__THE TASK__. Write every entry out again with no changes, and leave the images behind.

__SUPPLIED RECORDS__.
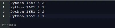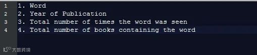差不多 170 秒(3 分钟)之后, one_grams 是一个 numpy 数组,里面包含差不多 14 亿行数据,看起来像这样(添加表头部为了说明):
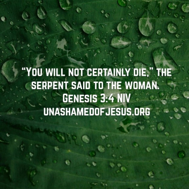 “You will not certainly die,” the serpent said to the woman. Genesis 3:4
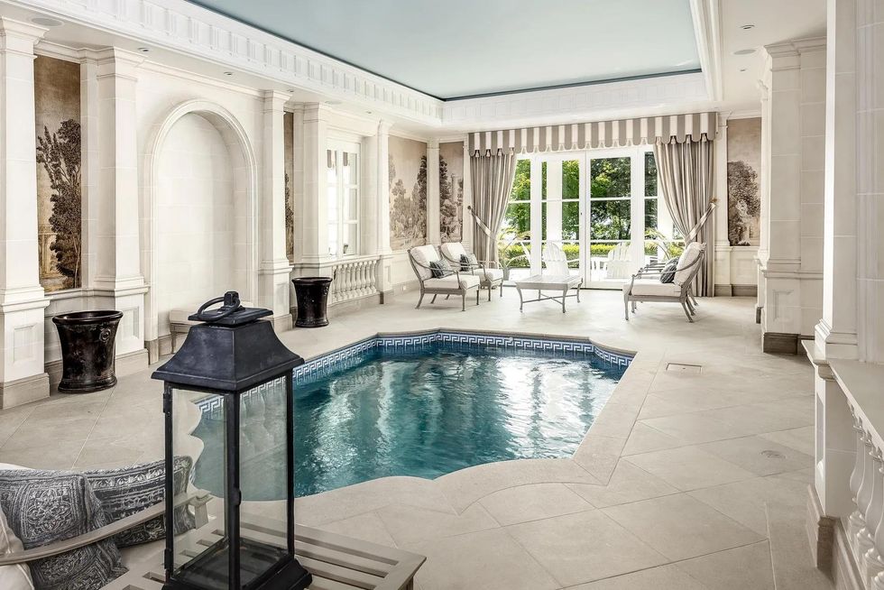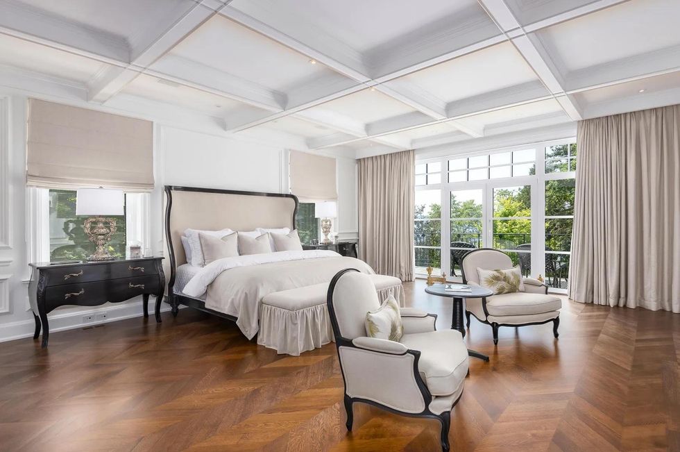 The sumptuous residence features four large bedrooms, five bathrooms, one powder room, a living area and a kitchen.
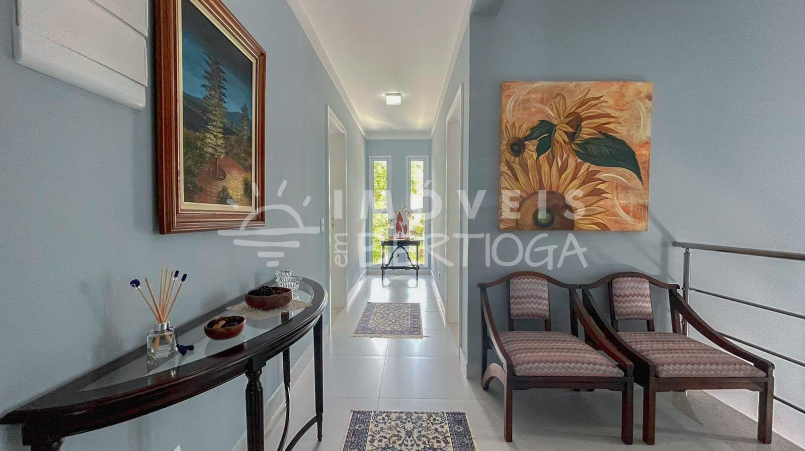 No pavimento superior, você encontrará seis suítes, garantindo conforto e privacidade para toda a família. A propriedade conta com quatro vagas de garagem.
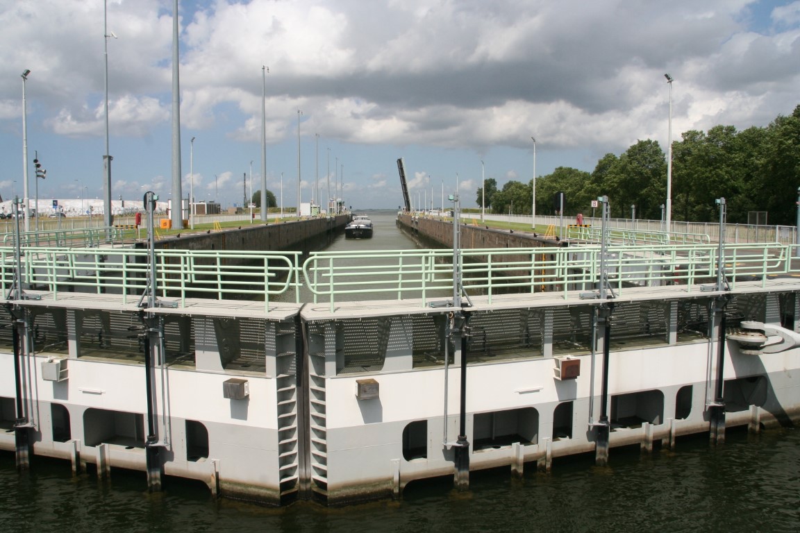 De Westsluis of zeesluis, die een lengte heeft van 290 meter en een breedte van 40 meter. Ze is geschikt voor zeeschepen met een diepgang tot 12,5 meter en een laadvermogen van 83.000 ton. De sluis is gebouwd in 1968
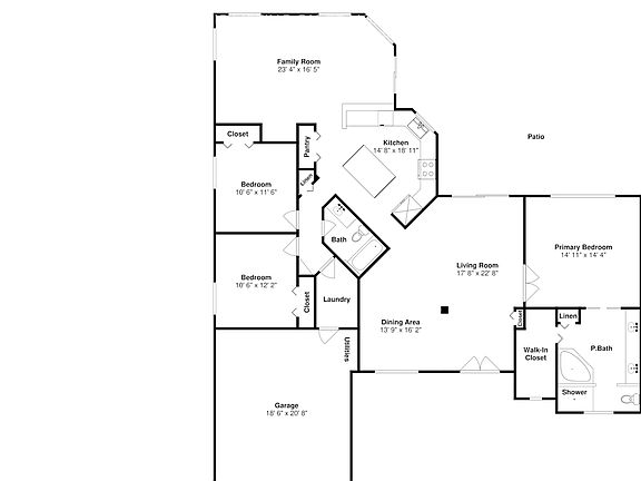 Kitchen islandSingle story houseGranite countertopsLuxury vinyl plankRecessed lightingStainless steel appliancesWalk in closet
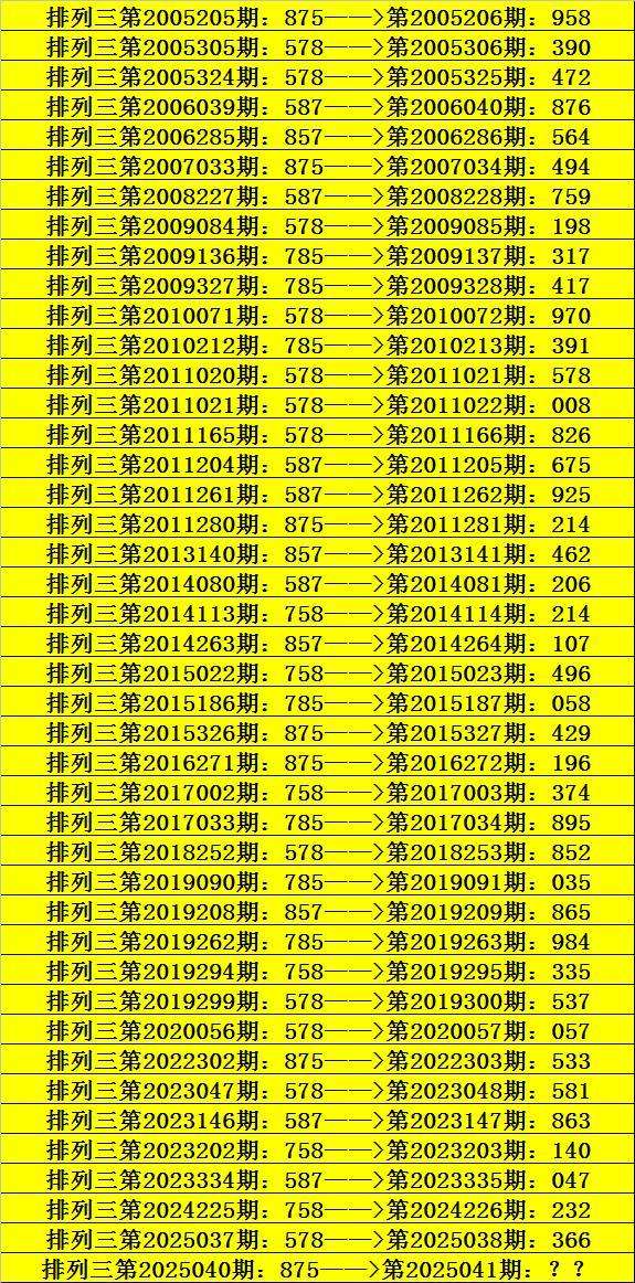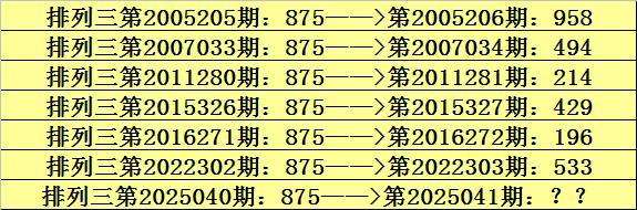 第2025040期排列三奖号为875,历史上该号码直选出现7次,下期奖号分别为:958、494、214、429、196、533。
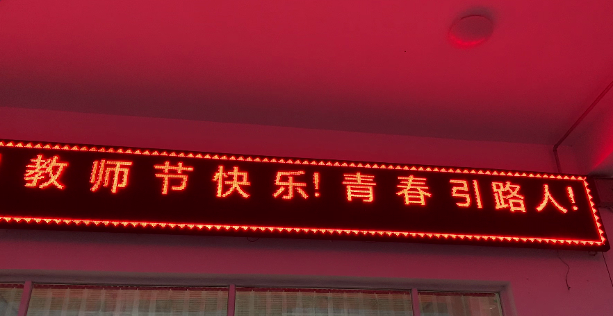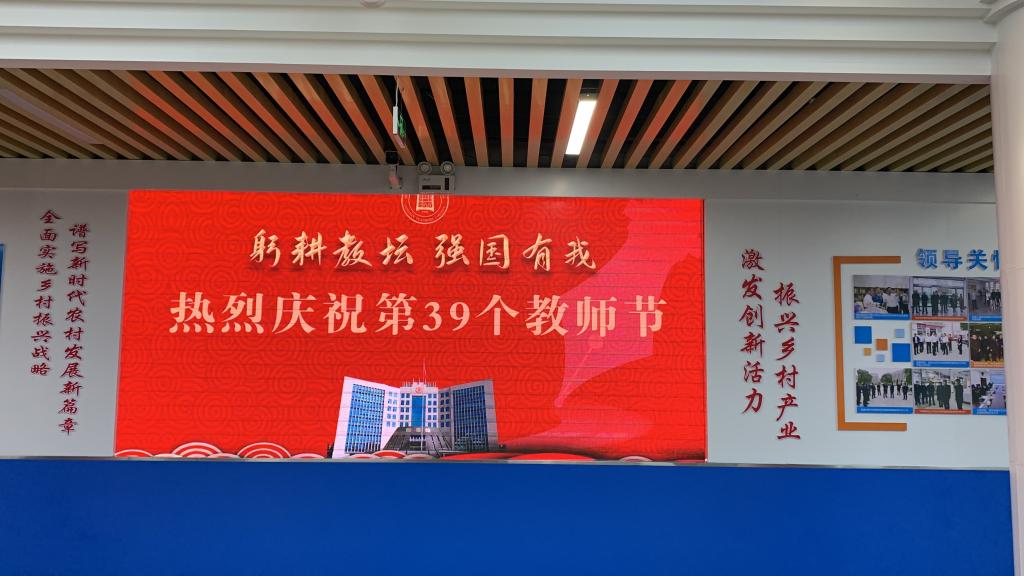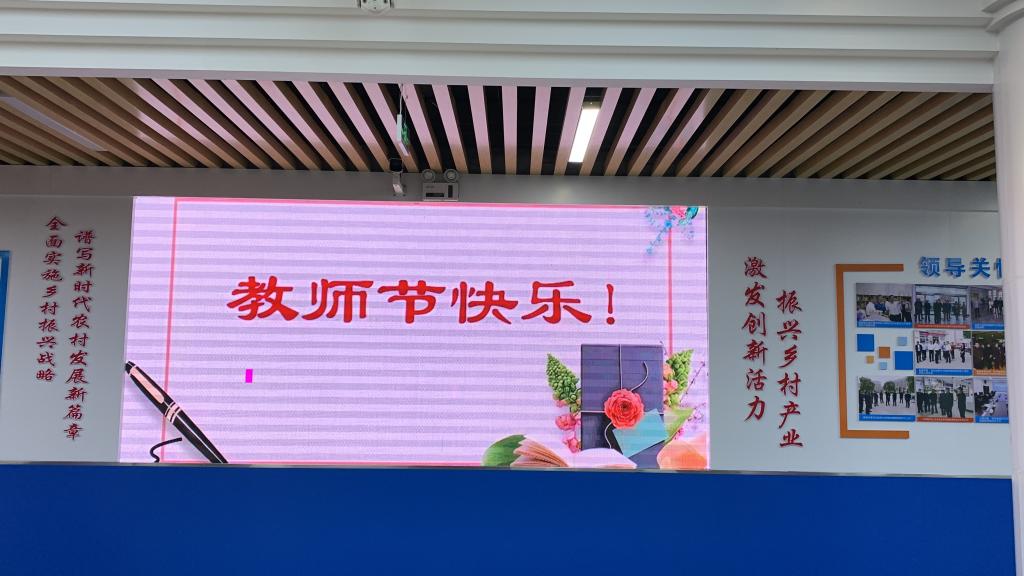 “躬耕教坛,强国有我”“老师,您好”“教师节快乐”“青春引路人”……祝福的话语显示在科技楼、餐厅、电子商务学院等LED屏上,以字幕滚动的方式为教师“亮灯”,表达了全校师生对教师的浓浓祝福和崇高敬意。

__EXERCISE RESPONSE__.
差不多 170 秒(3 分钟)之后, one_grams 是一个 numpy 数组,里面包含差不多 14 亿行数据,看起来像这样(添加表头部为了说明):
 “You will not certainly die,” the serpent said to the woman. Genesis 3:4
 The sumptuous residence features four large bedrooms, five bathrooms, one powder room, a living area and a kitchen.
 No pavimento superior, você encontrará seis suítes, garantindo conforto e privacidade para toda a família. A propriedade conta com quatro vagas de garagem.
 De Westsluis of zeesluis, die een lengte heeft van 290 meter en een breedte van 40 meter. Ze is geschikt voor zeeschepen met een diepgang tot 12,5 meter en een laadvermogen van 83.000 ton. De sluis is gebouwd in 1968
 Kitchen islandSingle story houseGranite countertopsLuxury vinyl plankRecessed lightingStainless steel appliancesWalk in closet
 第2025040期排列三奖号为875,历史上该号码直选出现7次,下期奖号分别为:958、494、214、429、196、533。
 “躬耕教坛,强国有我”“老师,您好”“教师节快乐”“青春引路人”……祝福的话语显示在科技楼、餐厅、电子商务学院等LED屏上,以字幕滚动的方式为教师“亮灯”,表达了全校师生对教师的浓浓祝福和崇高敬意。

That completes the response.